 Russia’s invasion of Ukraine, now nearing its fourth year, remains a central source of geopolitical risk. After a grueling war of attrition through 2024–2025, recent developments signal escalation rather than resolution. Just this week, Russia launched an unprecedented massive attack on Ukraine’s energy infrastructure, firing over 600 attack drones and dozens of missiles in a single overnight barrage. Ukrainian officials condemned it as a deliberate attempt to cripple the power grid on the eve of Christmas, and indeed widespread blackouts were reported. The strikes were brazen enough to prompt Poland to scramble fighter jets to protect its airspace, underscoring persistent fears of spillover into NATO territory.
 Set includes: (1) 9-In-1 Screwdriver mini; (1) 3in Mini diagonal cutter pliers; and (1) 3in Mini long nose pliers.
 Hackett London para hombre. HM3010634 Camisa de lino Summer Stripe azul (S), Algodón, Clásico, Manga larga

****************

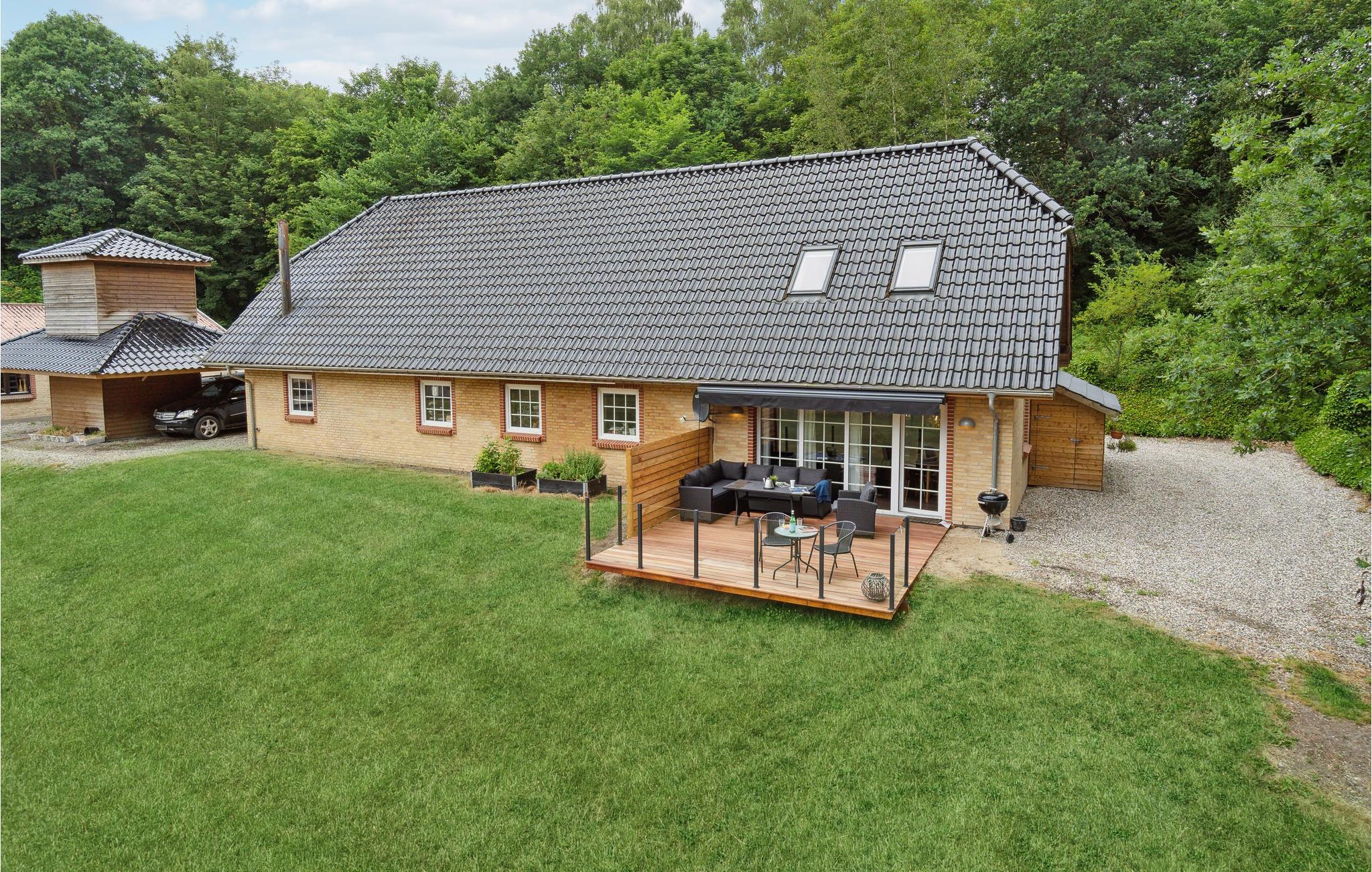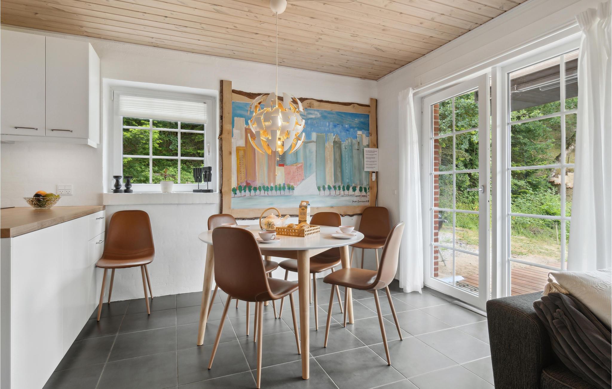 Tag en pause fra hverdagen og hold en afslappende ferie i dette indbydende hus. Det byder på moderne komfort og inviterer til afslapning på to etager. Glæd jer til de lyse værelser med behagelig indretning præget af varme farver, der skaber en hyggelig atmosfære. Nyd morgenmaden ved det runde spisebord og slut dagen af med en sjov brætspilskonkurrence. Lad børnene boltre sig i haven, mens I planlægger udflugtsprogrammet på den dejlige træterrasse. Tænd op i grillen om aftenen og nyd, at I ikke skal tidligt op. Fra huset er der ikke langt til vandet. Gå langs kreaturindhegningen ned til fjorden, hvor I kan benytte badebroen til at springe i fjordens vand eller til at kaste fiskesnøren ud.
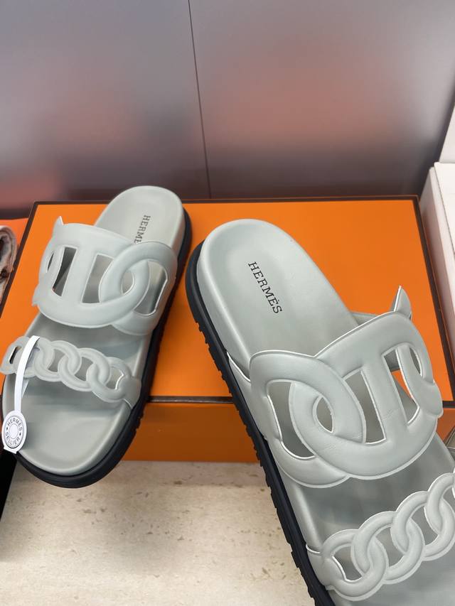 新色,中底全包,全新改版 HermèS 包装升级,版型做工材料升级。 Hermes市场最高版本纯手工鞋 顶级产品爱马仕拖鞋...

****************

▶ _WHAT IS EXPECTED_: In the entries above, find the line holding "Russia’s invasion of" and the line holding "Hackett London para", then retype exactly those two lines and every line between them, and nothing else.

▶ _REPLY_:
 Russia’s invasion of Ukraine, now nearing its fourth year, remains a central source of geopolitical risk. After a grueling war of attrition through 2024–2025, recent developments signal escalation rather than resolution. Just this week, Russia launched an unprecedented massive attack on Ukraine’s energy infrastructure, firing over 600 attack drones and dozens of missiles in a single overnight barrage. Ukrainian officials condemned it as a deliberate attempt to cripple the power grid on the eve of Christmas, and indeed widespread blackouts were reported. The strikes were brazen enough to prompt Poland to scramble fighter jets to protect its airspace, underscoring persistent fears of spillover into NATO territory.
 Set includes: (1) 9-In-1 Screwdriver mini; (1) 3in Mini diagonal cutter pliers; and (1) 3in Mini long nose pliers.
 Hackett London para hombre. HM3010634 Camisa de lino Summer Stripe azul (S), Algodón, Clásico, Manga larga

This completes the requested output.